Re: Maintainers

Michael K. Johnson (johnsonm@redhat.com)
Sun, 09 May 1999 13:25:08 -0400


teamwork@freemail.c3.hu writes:
>I am not siding with either Andrea or Michael on this matter, but my thinking is
>that if someone wants to maintain something, someone at least _ought_ to be
>active to do the job, or at least be known to still be _ALIVE_ and still willing
>to carry on that function. Else he or she should reliquish their "maintainer"
>status.
>
>It is utmostly ridiculous to force people in doing a netwide trace for the
>"ORIGINAL AUTHOR" for any given patch/util if the code hasn't been updated for
>ages, and the so-called "maintainers" just aren't around anywhere.

The source code includes my email address. Andrea clearly saw it; he
dropped in a similar line below it. I have done EVERY piece of
maintenance that I have EVER been asked to. Some software simply does
not require a lot of maintenance because it is relatively simple.
Doing regular noop releases just to assert ownership is childish.

I'm here, my CURRENT email is in the source code, I own the copyright,
no one ever told me that I'm dead, no one ever sent me a patch or asked
me to make a change.

All that said, if I'd simply been asked to relinquish maintainership to
Andrea, I might well have agreed. Andrea has now actively refused to
so much as send me a patch. How rude can you get?

>So what should one do if one finds a bug or two in Linux util/patches?
>
> Should one look high and low for the [elusive] "maintainer"
> or should one just post out the bug-fixed patch?!
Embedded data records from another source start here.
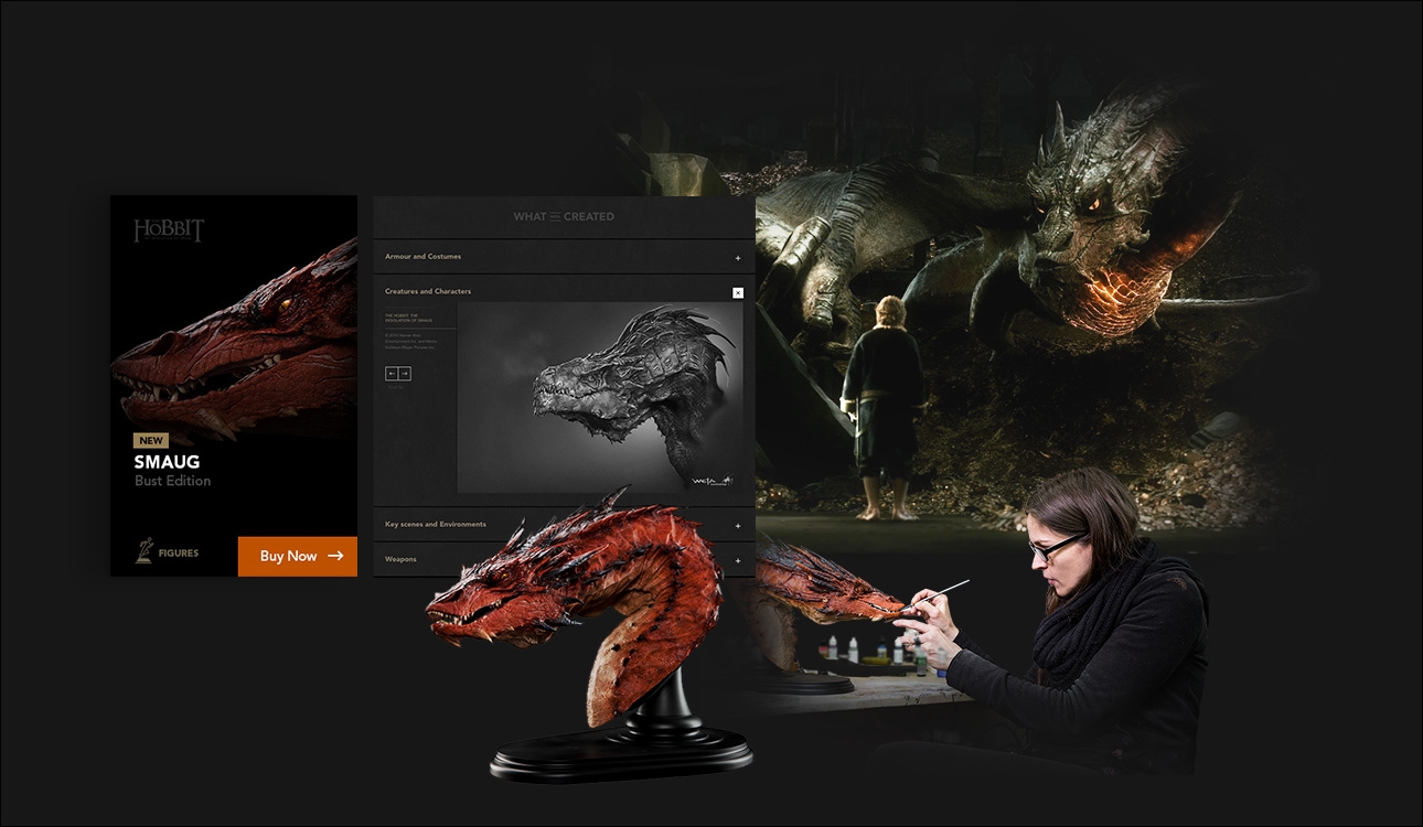 By connecting fans with storytelling we created opportunities to show the full value of each product. We searched for ways to interweave the story of the painstaking production quality and the essence of each unique brand weta produces products for. With moments of surprise and delight embedded throughout the site the connection between storytelling and product is not lost.
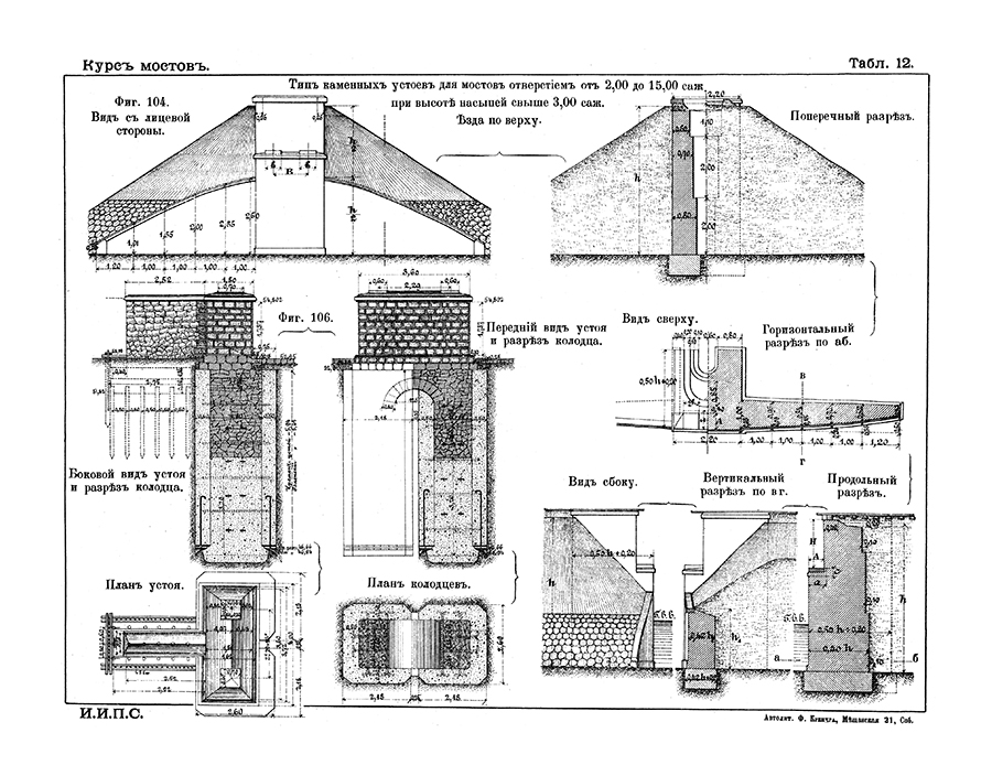 Выпуск первый (с атласом) — единственный вышедший в этом издании. Книга с огромным количеством иллюстраций и чертежей в тексте и на двух складных листах. Введение содержит краткий обзор развития типовых мостовых сооружений; первая глава посвящена общим понятиям о мостах, классификации мостов и мостовых ферм; главы II–VII рассказывают о данных для составления проектов мостов, коэффициентах допускаемых напряжений, данных относительно размеров пролетных строений и расположения моста; типах каменных, деревянных и металлических опор.
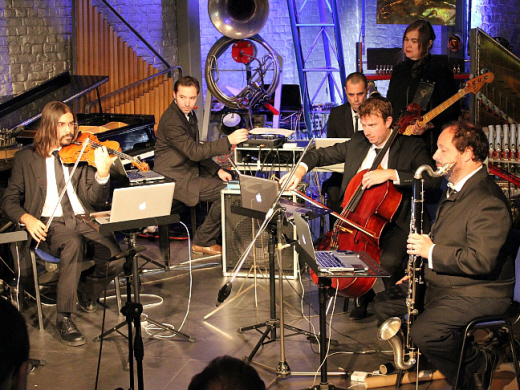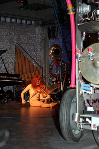 Automaton orchestra with dancers, performers and musicians: Dominica Eyckmans, Moniek Darge, Sebastian Bradt, Xavier Verhelst, Helen White and Kristof Lauwers, directed by Godfried-Willem Raes. This concert was sold out.more information on the M&M Orchestra
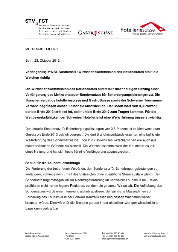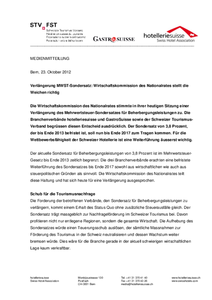 Der Entscheid der nationalrätlichen Wirtschaftskommission wurde bei den Branchenverbänden hotelleriesuisse und GastroSuisse sowie dem Schweizer Tourismus-Verband (STV) ausdrücklich begrüsst, wie aus einer gemeinsamen Medienmitteilung hervorgeht. Die Verbände sehen in der Weiterführung des Sondersatzes von 3,8 Prozent einen Schub für die Tourismusnachfrage und eine Stärkung der internationalen Wettbewerbsfähigkeit für die Schweizer Hotellerie.

If Andrea had even posted the patch, that would have been better,
even if he didn't bother to tell me about it, if I found out about
it, I could look at it and decide whether to apply it as it stands
or to rework it.

By contrast, Andrea
o knew my email address
o couldn't bother himself to drop me a note
o now actively refuses to send me a patch
o castigates me for being unhappy about this
o insists that his doing so is appropriate

> Please announce your presence, at least once-in-a-while,
> in appropriate fora.

That's silly. The established convention is to put contact information
in the package. Putting the burden on the maintainer to say over and
over to the whole world, "Hey, look at me, look at this software I
maintain!" is ludicrous.

...

This whole thing is way overblown, and I didn't mean to make a huge deal
of it. tunelp is, by design, a small program. I'm not unwilling to
consider handing it off if that's appropriate. The only reason I keep
talking about this is that I'm worried about a general uncooperative
spirit here damaging the whole community. I can lick my wounds and shut
up -- that's what I did for months until the problem was brought up by
someone else and my opinion asked...

michaelkjohnson

"Ever wonder why the SAME PEOPLE make up ALL the conspiracy theories?"